Por que isso é importante agora
Os gastos globais com patrocínio excederam US$ 300 bilhões em 2025, provocando maior escrutínio por parte dos executivos. Com orçamentos de marketing mais apertados, custos de ativação mais altos e revisões lideradas pelo CFO, as corporações com estruturas de medição estruturadas estão melhor posicionadas para proteger e aumentar seus orçamentos.
Para a alta gestão, os riscos são claros: patrocínios apoiados por impacto baseado em dados têm maior probabilidade de serem retidos, expandidos e defendidos. O foco agora está em como medir o patrocínio rigorosamente e na pertinência da estrutura de medição em vigor na sua empresa.
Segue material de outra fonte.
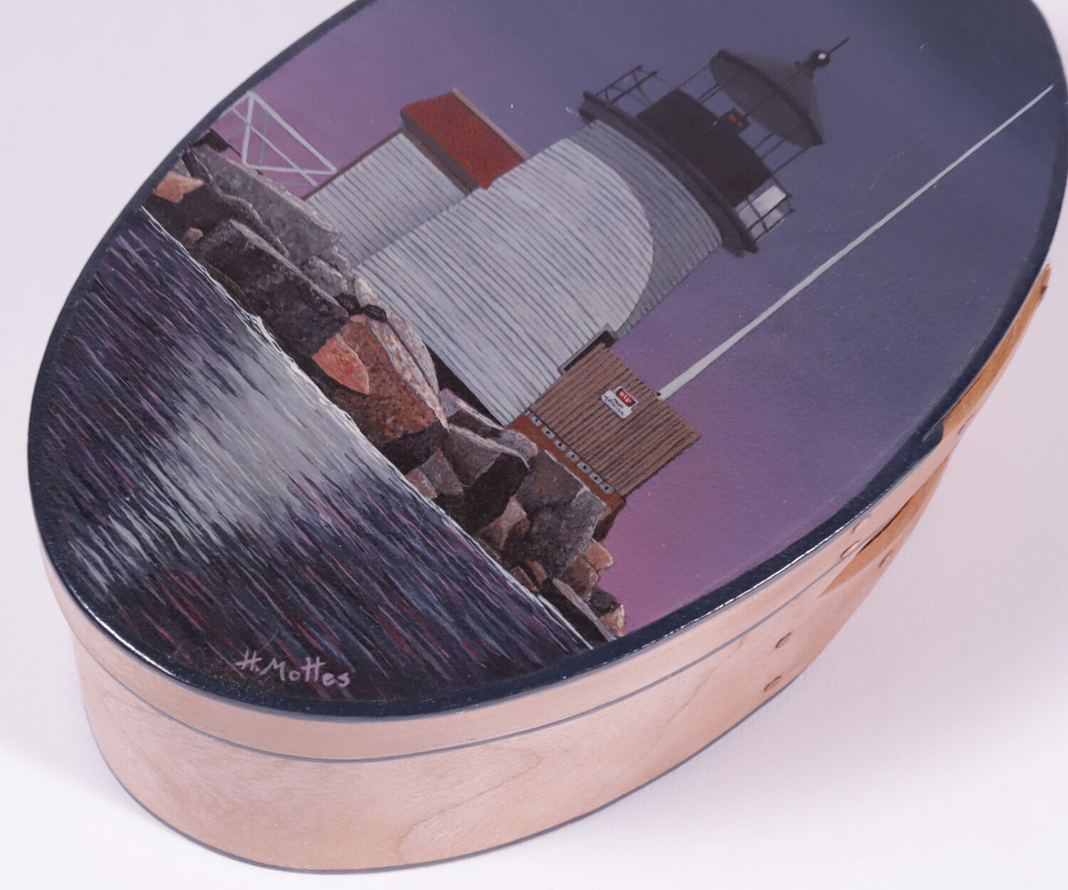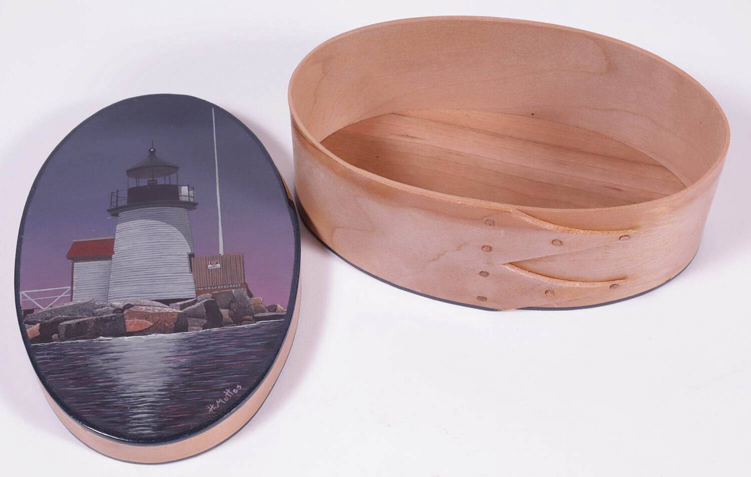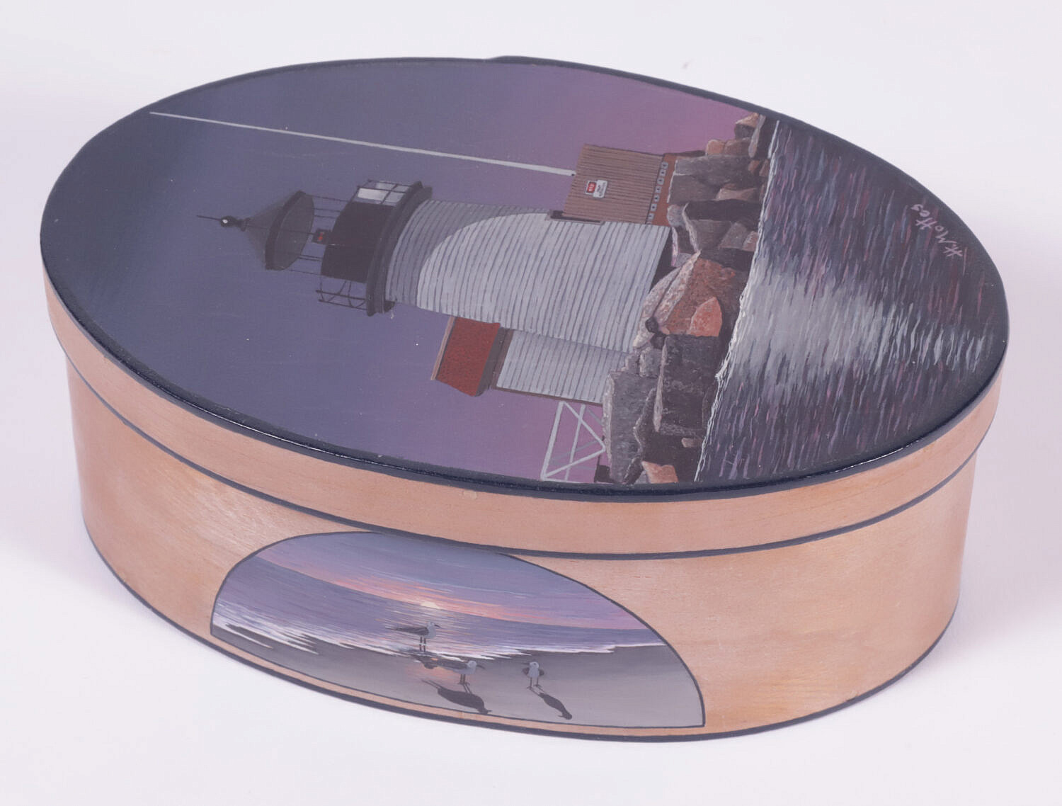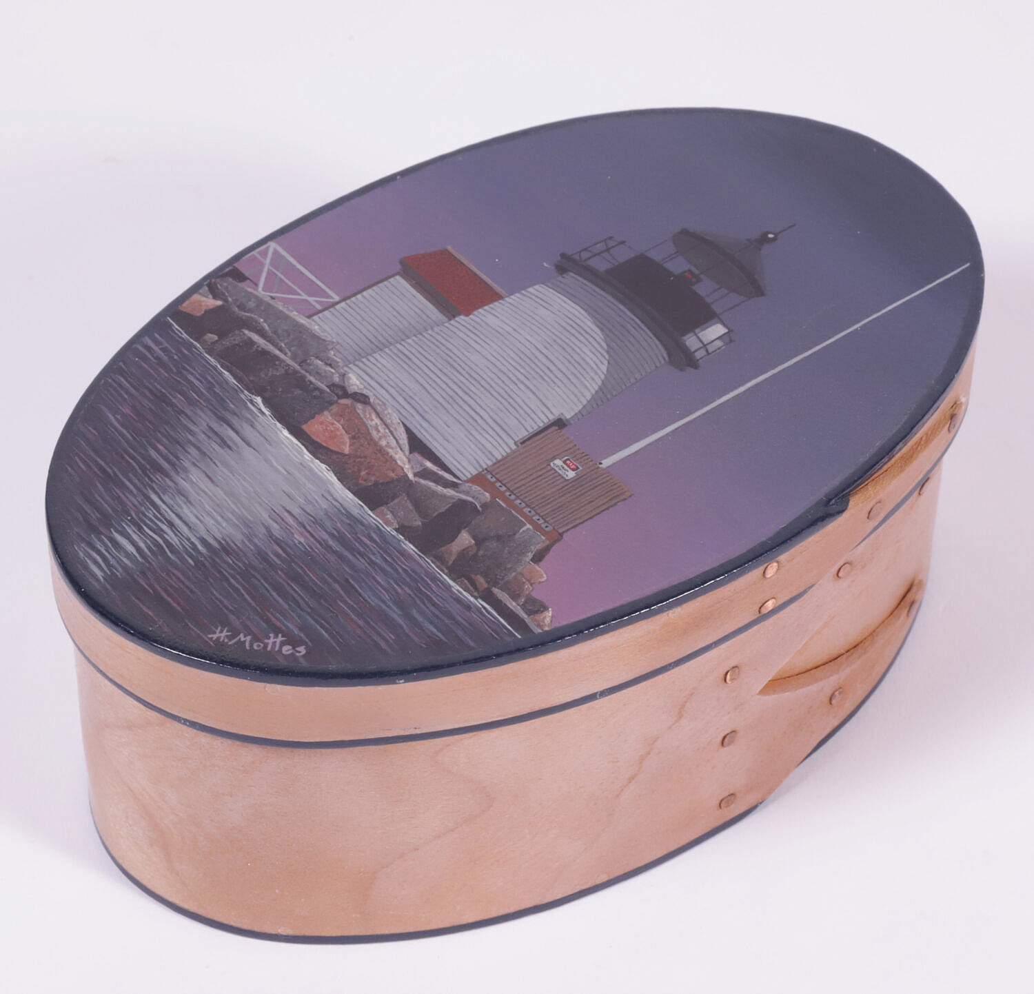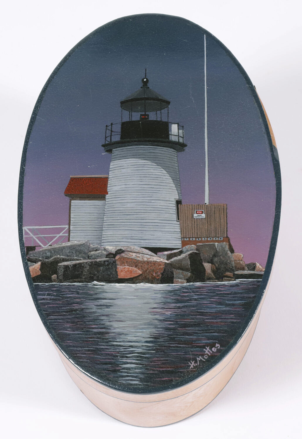 Harriet Mottes Finely Painted Shaker Box “Brant Point Light, Nantucket”
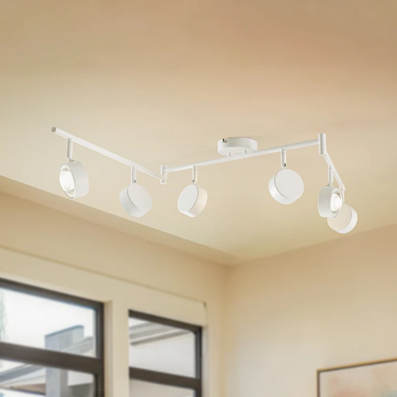 Димируем прожектор Jyla с шест регулируеми абажура Шестсветлинният прожектор за таван Jyla е изработен от желязо, а бялата му външна част придава на обстановката елегантен вид. В същото време той се вписва без усилие в различни жилищни помещения благодарение на дискретния си дизайн. Например, той е идеален за използване като източник на светлина в коридора, кухнята, дневната или трапезарията. Рамката може да се регулира на три места, а кръглите абажури могат също така гъвкаво да се накланят и завъртат. Това позволява персонализиране на светлината и оптимално осветяване на помещението. Доставените светлинни източници GX53 са с извита леща и затова изглеждат като стъклени полусфери. Светлината може да се включва и изключва както обикновено с помощта на стенен ключ. Благодарение на технологията за 3-степенно димиране с интегрирана функция за изключване, тя може да се регулира до три различни нива на яркост чрез неколкократно натискане на превключвателя: 100 %, 50 % и 25 %.
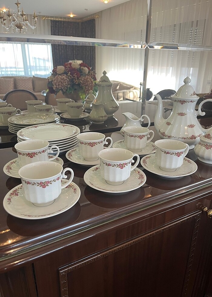 Zamanında Almanyadan alınmış 50 yıllık Çay takımıdır. 6 adet Çay fincanı, 6 adet Pasta tabağı (19 cm) Demlik ,Sütlük, ve şekerliği mevcuttur. Demlik 24 cm boyunda. Hiç bir hatası kusuru yoktur.
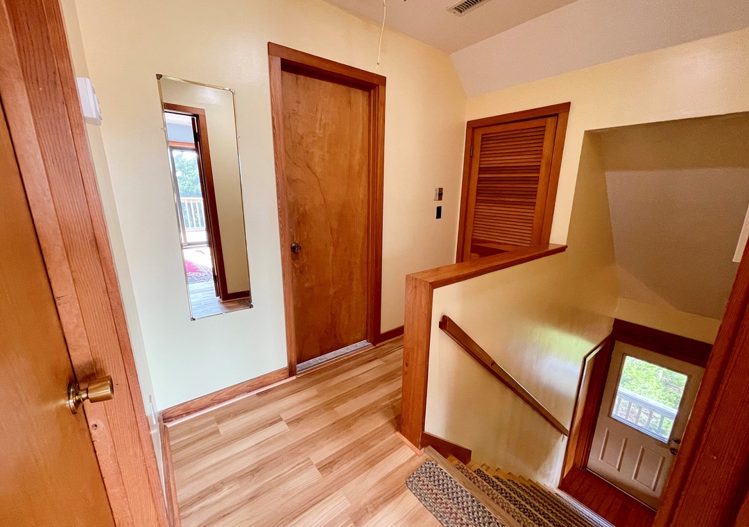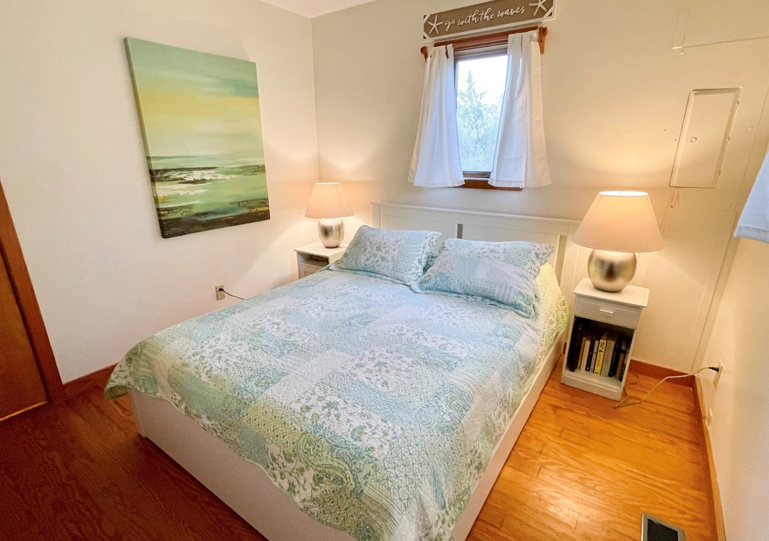 Second Floor: Two bedrooms, each with a Queen bed. Full bath with tub/shower.

O debate entre ROI e ROO não é abstrato. Cada líder do C-suite enfrenta implicações específicas e tangíveis.
CEO
Alinhamento estratégico e risco da marca
Os patrocínios estão alinhados com a direção estratégica da empresa ou são influenciados por relacionamentos pessoais ou outras forças externas?
CFO
Disciplina de capital e defesa do orçamento
Os gastos com patrocínio são geridos com o mesmo rigor que outras alocações de capital? O desempenho pode ser auditado e reportado de forma eficaz?
CMO
Desempenho do portfólio e credibilidade da equipe
Existe uma estrutura consistente para avaliar todo o portfólio e entrar com confiança em uma conversa orçamentária com a liderança?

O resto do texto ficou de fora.